Any ideas what could be causing this?
0
Comment
Question by:QPR
  • 17
  • 12
30 Comments
 
LVL 23

Expert Comment

by:Racim BOUDJAKDJI
ID: 40501522
<<Am currently looking into why backup jobs are taking longer than usual.>>
How luch longer ?  Which one is the longest backup ?  Do you have a specific database bigger than any other ?  Can you put some figures on this ?
0
 
LVL 29

Author Comment

by:QPR
ID: 40501573
From an average of an hour to over 3 hours.
This is a sharepoint sql server so there are a few DBs of varying sizes from small to very large.
We have recently transferred from one environment to another (new SAN and upgraded VM, this isn't my area so can't expand much on that other than to be assured the new environment should be better and greater).

My question is more aimed at the database starting messages.

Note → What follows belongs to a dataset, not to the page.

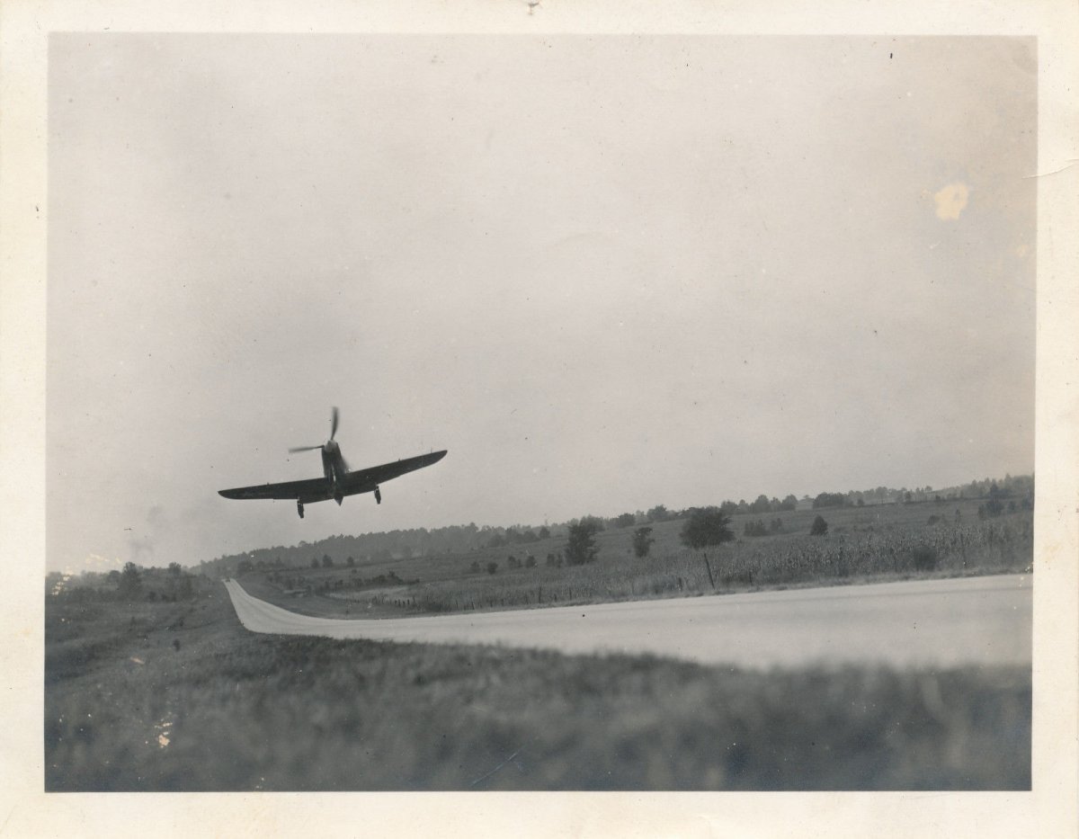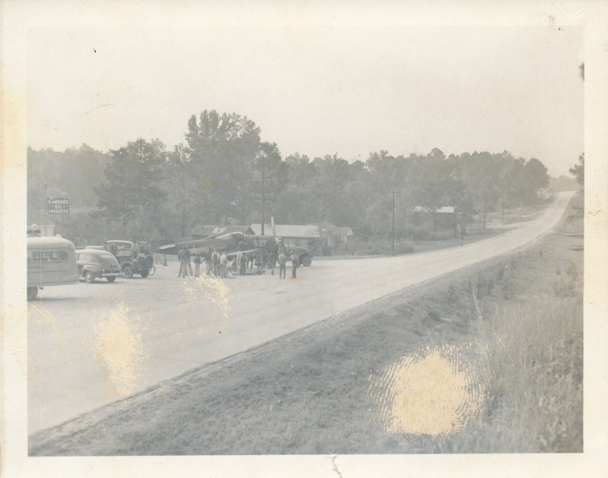 Airplane emergency lands at Gas Station, Key Field, Mississippi, June 1942.

The services are not being restarted, the Dbs are not set to autoclose. Why is it then behaving (logging) messages that would indicate a restart or recovery?
0
 
LVL 23

Expert Comment

by:Racim BOUDJAKDJI
ID: 40501591
Unless your database has tripled in size during the migration, you definitely have a problem.  It looks like you have an IO hog somewhere.  Please double check the IO write throughput (in MB/sec) on the disk where you put the backups.
0
 
LVL 29

Author Comment

by:QPR
ID: 40501714
Yes that is being investigated but this isn't the question I'm asking
0
 
LVL 23

Expert Comment

by:Racim BOUDJAKDJI
ID: 40501737
<<Yes that is being investigated but this isn't the question I'm asking>>
I am sorry but when you ask:

Any ideas what could be causing this?

I read what may be causing a significant increase in backup times, transactions to roll back, and server instability.  

You need to be aware that an IO Hog, due to a faulty IO hypervizor or a insufficient IO throughput may cause many of the things you described:

> An increase in backup times
> Transaction to be rolled back.
> Server Restarts (often due to system databases not being accessible for short period of time)

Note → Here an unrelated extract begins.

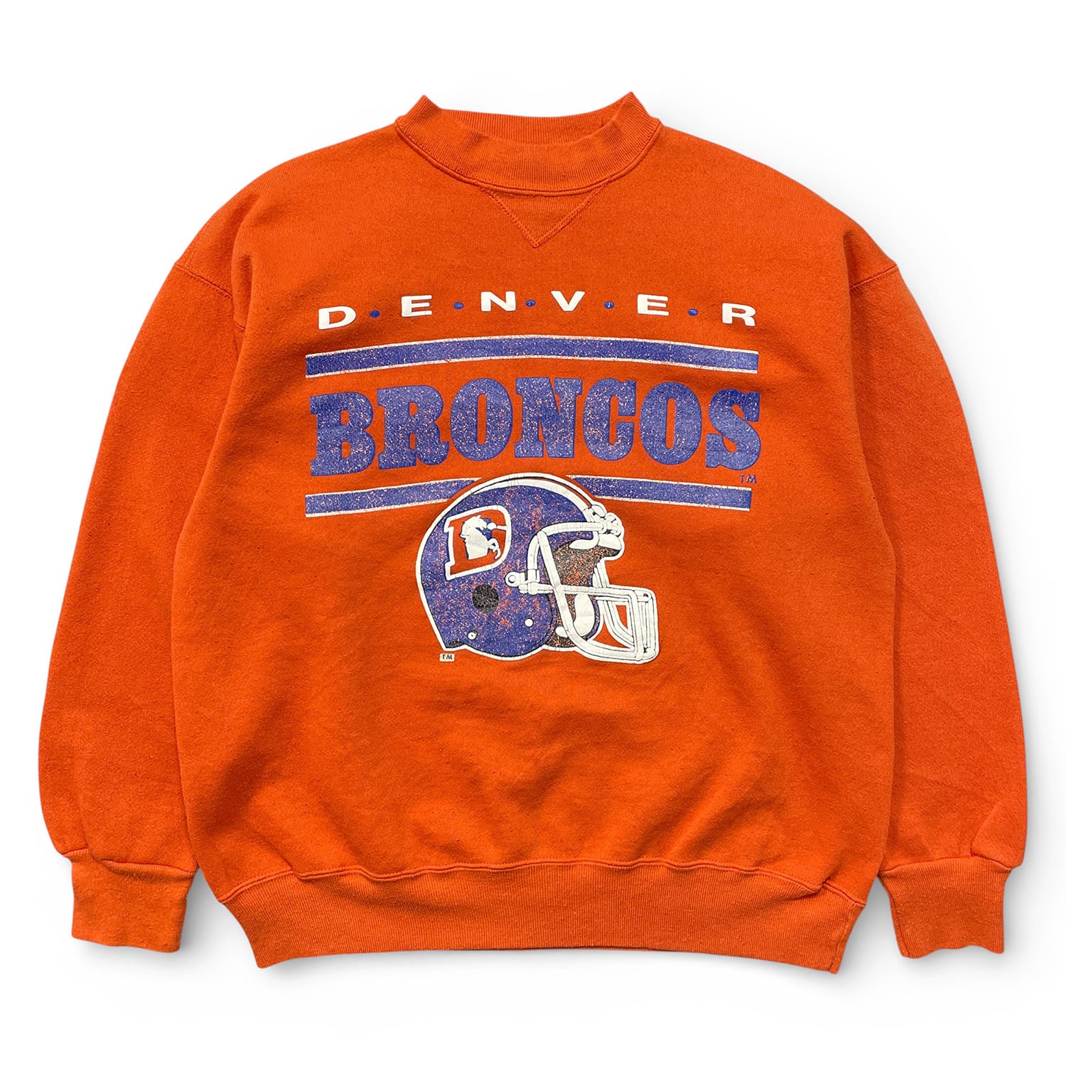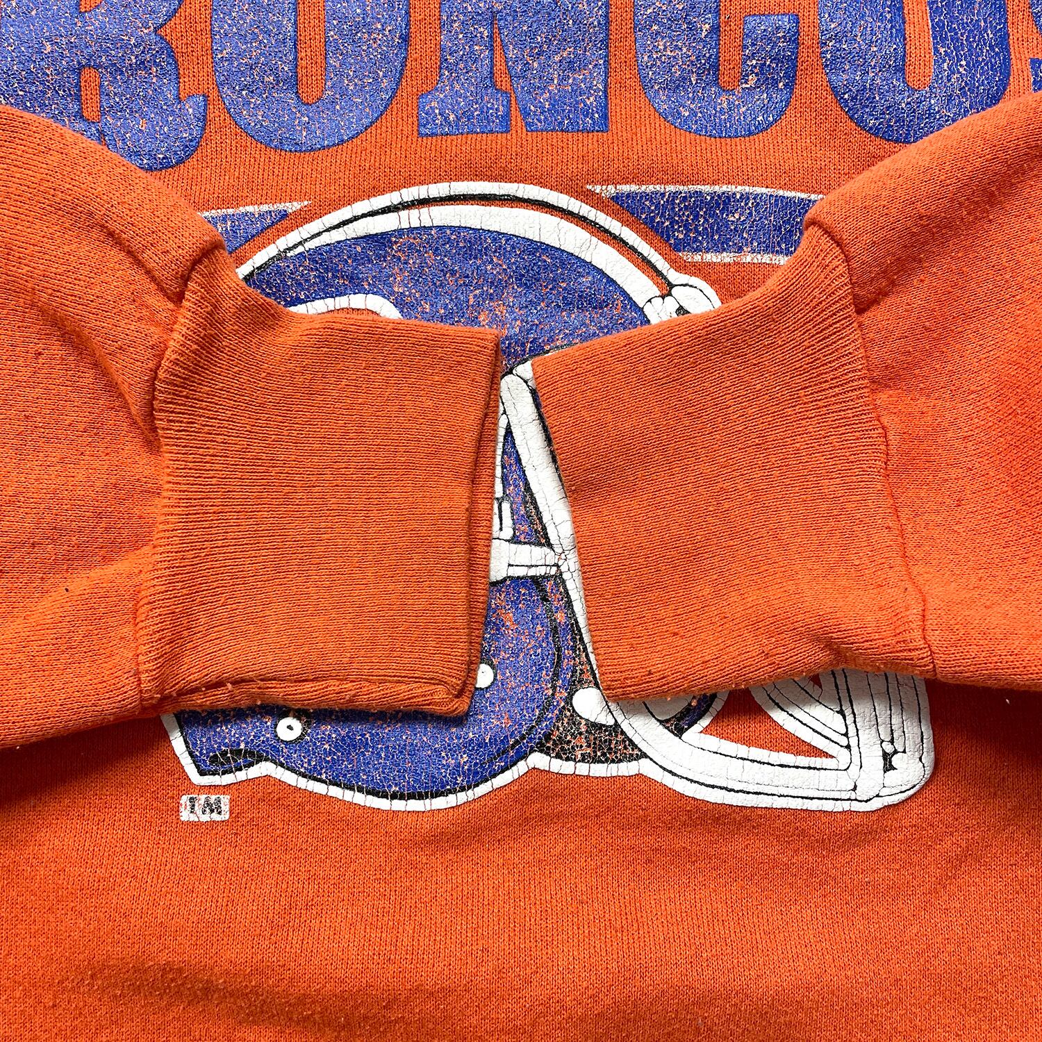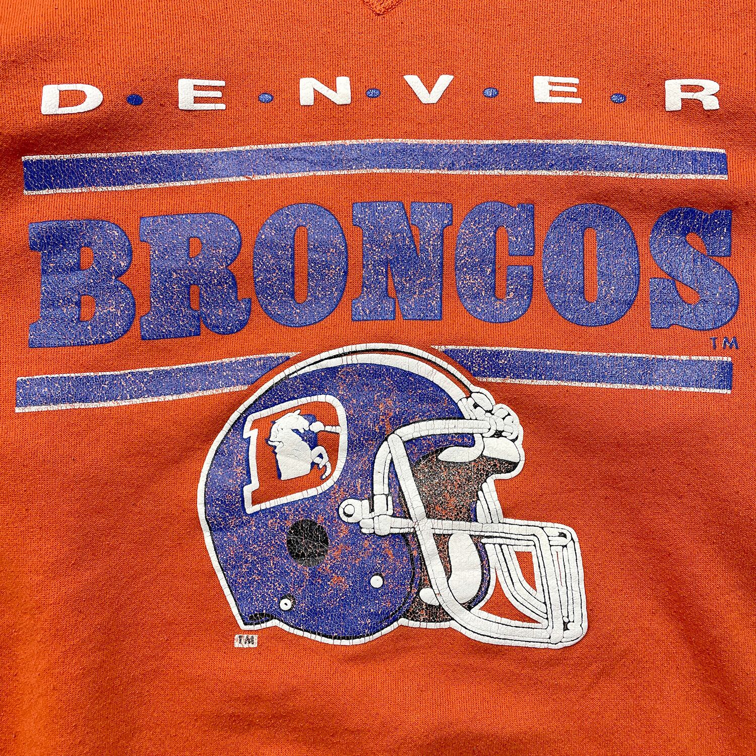 USA 古着 90S デンバーブロンコス NFL ロゴ ヴィンテージ 前V クルーネック スウェット トレーナー プリント メンズL 程度 オレンジ BD3499

Which is the reason I am encouraging to look closer at this.  I suggest you install and test for yourself what is your current IO throughput.  You can use tools such as IOMeter.  

Here is a video for you: http://www.youtube.com/watch?v=XkOUGbsnGn0

The tool will quickly reveal what is your current throughput.  

But perhaps I misunderstood what you are looking for.
0
 
LVL 29

Author Comment

by:QPR
ID: 40501826
Thanks,
The database backups are all part of a single script which basically loops through all the DBs and backs them up.
So the job is an all or nothing failure or success.
An example from the log might be....

database A successfully backed up to.....
database B successfully backed up to.....
database C successfully backed up to.....
starting database D
Starting database E
Rolling back 1 transaction database E
database D successfully backed up to.....

etc.
If sql had restarted then the agent "job" would have failed and the sql logs would have been regenarated - neither happened.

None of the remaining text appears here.